I'll post a before and after pic when I hit my target. Not until then!

I might post some random pics if I get bored though...of my lovely van etc.


----------



## Fatboy80 (Feb 27, 2008)

Sambuca said:


> Get it done!!!!!
> 
> I so think a break every so often is good for you though. Sounds like u have a lot going on still
> 
> Get some pics up Dom! Bet u dont have far to go now


Bumper undone! Lovely autocorrect.

I still got about 10-15kgs to go I reckon.


----------



## Sambuca (Jul 25, 2012)

Haha best auto correct ever lol

I was on the Renault owners club forum a d the autocorrect came out as mtren


----------



## Fatboy80 (Feb 27, 2008)

40 mins dog walk done. Now de-icing van to do a bit more cardio in gym. Will do bike to give my knee a rest from my weight.


----------



## liam0810 (Jan 6, 2011)

Glad to see you back into it mate. Head should be screwed back on now after the holiday and everything else is sorted. 15KG is easy for you after what you've lost


----------



## Fatboy80 (Feb 27, 2008)

liam0810 said:


> Glad to see you back into it mate. Head should be screwed back on now after the holiday and everything else is sorted. 15KG is easy for you after what you've lost


Yep, cheers Liam, I'm well up for it now. Started taking my ipad to gym in morning when on the bike, look a right (unt I'm sure, but makes the time go quick!


----------



## liam0810 (Jan 6, 2011)

Fatboy80 said:


> Yep, cheers Liam, I'm well up for it now. Started taking my ipad to gym in morning when on the bike, look a right (unt I'm sure, but makes the time go quick!


I watch films on my phone when i'm on the treadmill, don't give a fcuk what anyone thinks, if it helps the cardio goes quicker i'll be doing it!


----------



## Fatboy80 (Feb 27, 2008)

liam0810 said:


> I watch films on my phone when i'm on the treadmill, don't give a fcuk what anyone thinks, if it helps the cardio goes quicker i'll be doing it!
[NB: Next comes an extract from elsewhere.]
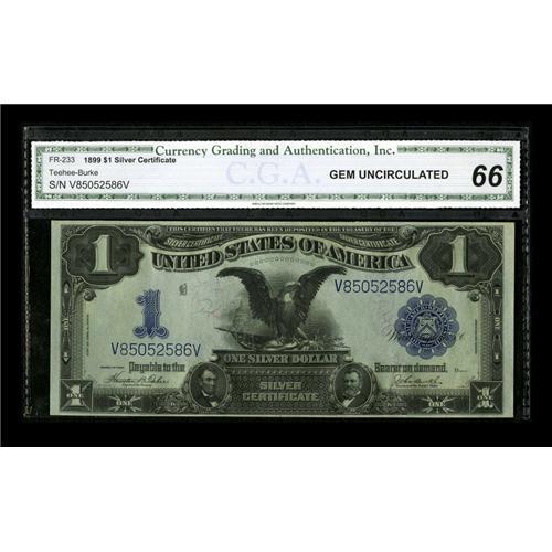 <B>Fr. 233 $1 1899 Silver Certificate CGA Gem Uncirculated 66.</B></I> All the right paper waves are in all the right places on this boldly embossed issue.<BR><BR><b>Shipping:</b> Coins & Currency (<a target="_blank" href="http://www.heritageauctions.com/common/shipping.php">view shipping information</a>)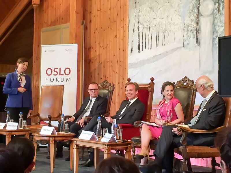 La min Freeland participe à table ronde au #Osloforum2017 et discute de l’engagement du Canada à l’#ONU et en matière de maintien de la paixpic.twitter.com/pgPSCz3buX

Nice one. Yep, defo makes it go a lot quicker, I can get a bit of invoicing done at the same time, win win!


----------



## Fatboy80 (Feb 27, 2008)

Just got home from work. Straight on the bike for a spot of cardio. Got changed first, obviously.


----------



## Fatboy80 (Feb 27, 2008)

Dog walk done. Just waiting for gym to open to crack on with my cardio. Only half a day of work today  then round a mates to watch the Gold Cup. Will train legs tonight and see how my knee gets on.


----------



## Fatboy80 (Feb 27, 2008)

Eggs. Sorted. Got fed up of buying them at super market prices. Free range tastic!


----------



## Sambuca (Jul 25, 2012)

Fatboy80 said:


> Eggs. Sorted. Got fed up of buying them at super market prices. Free range tastic!


how much were they?

I get a tray that size from farmers auction from 2.50-3.00 beat supermarket eggs for taste


----------



## Fatboy80 (Feb 27, 2008)

Sambuca said:


> how much were they?
> 
> I get a tray that size from farmers auction from 2.50-3.00 beat supermarket eggs for taste


I think that's what I used to pay from a similar place. I get these straight from the egg farm (is there such a thing!) these were laid yesterday and today apparently! Paid 19 quid for 4 trays. Large Free Range.


----------



## Fatboy80 (Feb 27, 2008)

Morning all. Up and on the bike for cardio whilst watching F1 qualifying before work. Weight is going down, spiffing. Might even do a night fishing at the lake later, first time since August!


----------



## Fatboy80 (Feb 27, 2008)

Didn't go fishing, finished work a bit later than I'd hoped. Watched the shocking game of rugby. Then thought sod this, I'll go to the gym, trained arms for a change, and then did a bit of cardio.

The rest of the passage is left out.